Stored data entries:
= Beginning of Section =

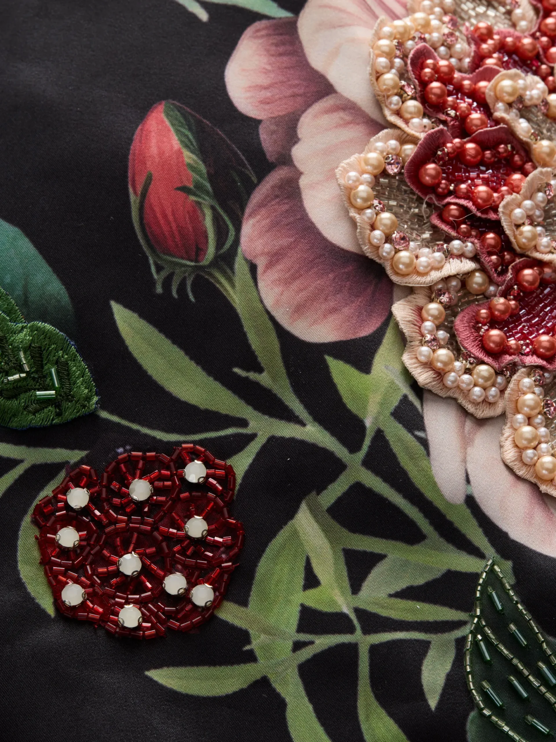 - 3D embellished floral and vine motifs on satin base
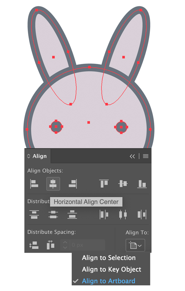 양쪽 귀를 그룹화 (Control-G) 하고 모든 객체를 선택 하고 정렬 패널 (창> 정렬) 에서 수평 정렬 센터 를 클릭하여 모든 것이 완벽하게 중앙에 배치되도록 합니다.
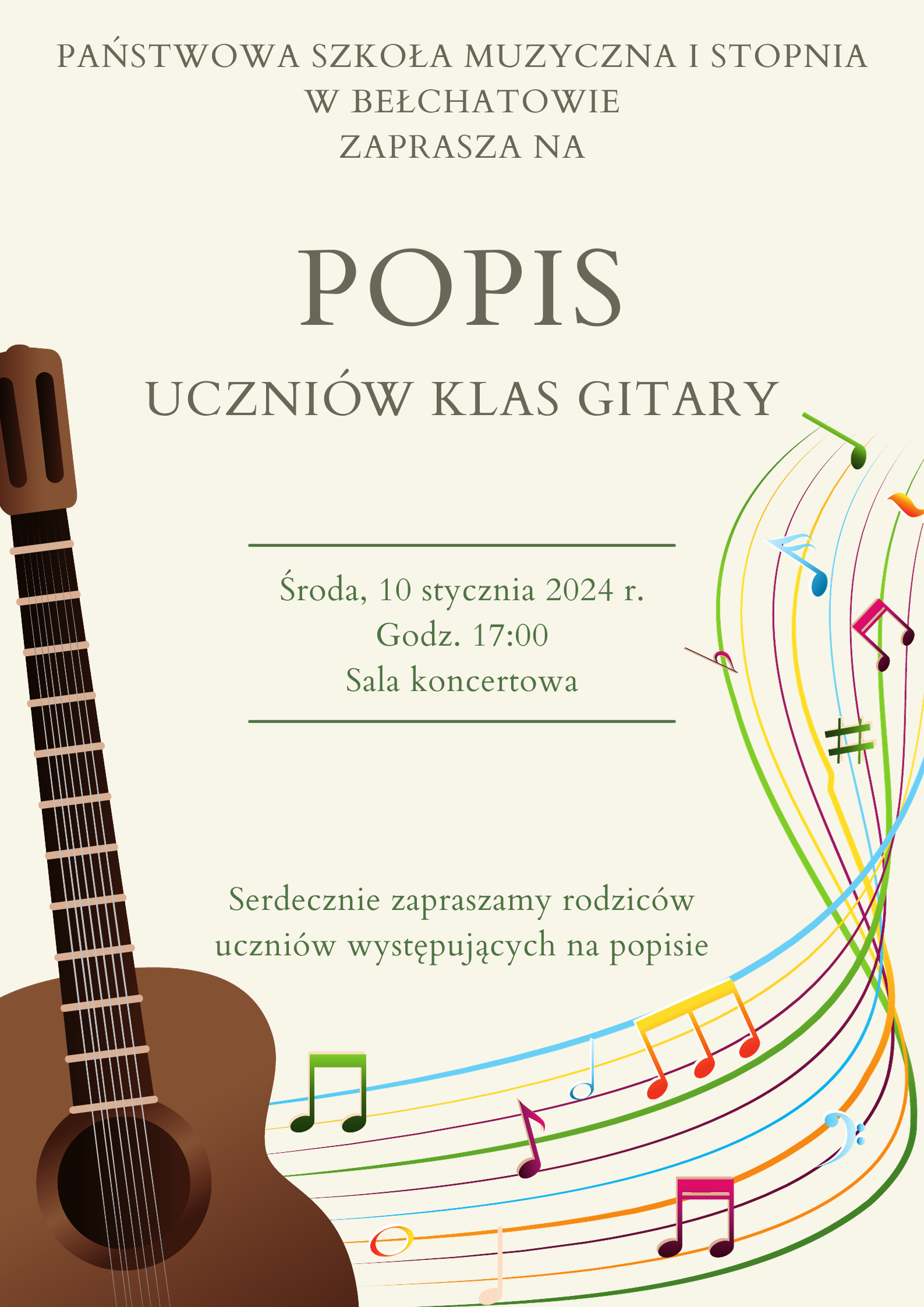 Serdecznie zapraszamy na popis uczniów klas gitary, który odbędzie się 10 stycznia 2024 r. w sali koncertowej Państwowej Szkoły Muzycznej I stopnia w Bełchatowie.
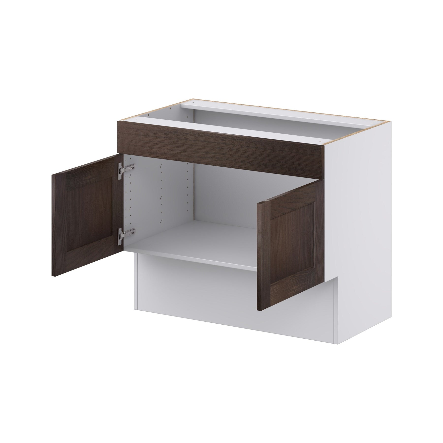 Elevate your storage solutions with the Hugo&Borg 36-Inch Wood Base Cabinet, featuring a timeless recessed panel Shaker design. Fully assembled for quick installation, this cabinet offers a sleek European frameless construction for maximum interior access, accompanied by a durable, stained finish that resists scratches and moisture.
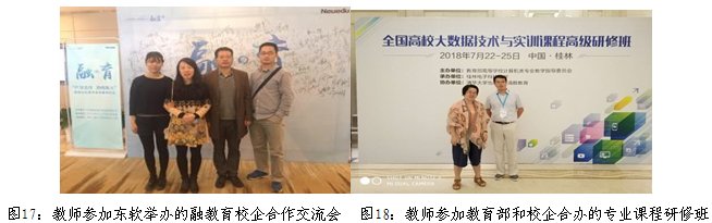 如图17-20所示,开展校企合作交流会,教师培训,推进校企深度融合,构建多元、动态的协同创新模式和开放、融合的协同创新体制机制。通过企业培训实践锻炼,专职教师素质业务能力得到提升,总结学习实践内容和经验,将其应用到实际教学中。
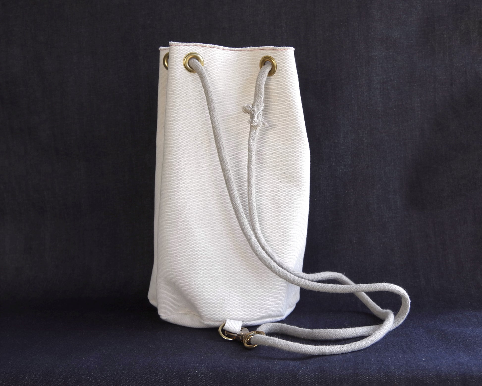 The Bucket Bag. A perfect throw-over-your-shoulder sack for spring and summer. Minimalist design for an easy grab-and-go feel - based on a classic style used by sailors. Fully lined, leather bottom, interior zipper pocket, and reclaimed climbing rope straps. Perfect for a day at the beach, a cafe, on a boat, or in the woods. I use mine as a knitting bag!
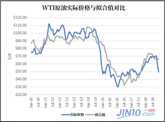 根据上述模型,著名分析网站Seeking Alpha利用EIA在12月短期能源展望中对经合组织库存数据的预测,推断出WTI原油期货价格的未来走势。对比12月10日原油期货的价格,回归分析模型显示油价将在2020年下降,WTI原油到年底将跌至接近45美元/桶的水平。此外,分析指出,如果未来全球原油库存预期发生变化,价格预期也会随之改变,上述预测绝不是一成不变的。
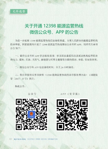 投诉举报,国家能源局开通了 12398 能源监管热线微信公众号和 APP。现将有关事项
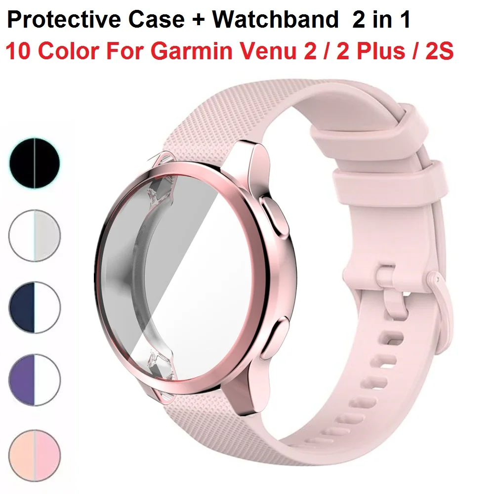 2in1 Case + Strap For Garmin Venu 2S 2 Plus 3 Protector Cover Silicone Watchband For Vivoactive 4 4S Bracelet Bumper Combination

= End of Section =

* [Activity] Give the lines exactly, from the first line of the entries to the line with "The Bucket Bag.", both ends included. Skip the pictures.

* [Your response]
 - 3D embellished floral and vine motifs on satin base
 양쪽 귀를 그룹화 (Control-G) 하고 모든 객체를 선택 하고 정렬 패널 (창> 정렬) 에서 수평 정렬 센터 를 클릭하여 모든 것이 완벽하게 중앙에 배치되도록 합니다.
 Serdecznie zapraszamy na popis uczniów klas gitary, który odbędzie się 10 stycznia 2024 r. w sali koncertowej Państwowej Szkoły Muzycznej I stopnia w Bełchatowie.
 Elevate your storage solutions with the Hugo&Borg 36-Inch Wood Base Cabinet, featuring a timeless recessed panel Shaker design. Fully assembled for quick installation, this cabinet offers a sleek European frameless construction for maximum interior access, accompanied by a durable, stained finish that resists scratches and moisture.
 如图17-20所示,开展校企合作交流会,教师培训,推进校企深度融合,构建多元、动态的协同创新模式和开放、融合的协同创新体制机制。通过企业培训实践锻炼,专职教师素质业务能力得到提升,总结学习实践内容和经验,将其应用到实际教学中。
 The Bucket Bag. A perfect throw-over-your-shoulder sack for spring and summer. Minimalist design for an easy grab-and-go feel - based on a classic style used by sailors. Fully lined, leather bottom, interior zipper pocket, and reclaimed climbing rope straps. Perfect for a day at the beach, a cafe, on a boat, or in the woods. I use mine as a knitting bag!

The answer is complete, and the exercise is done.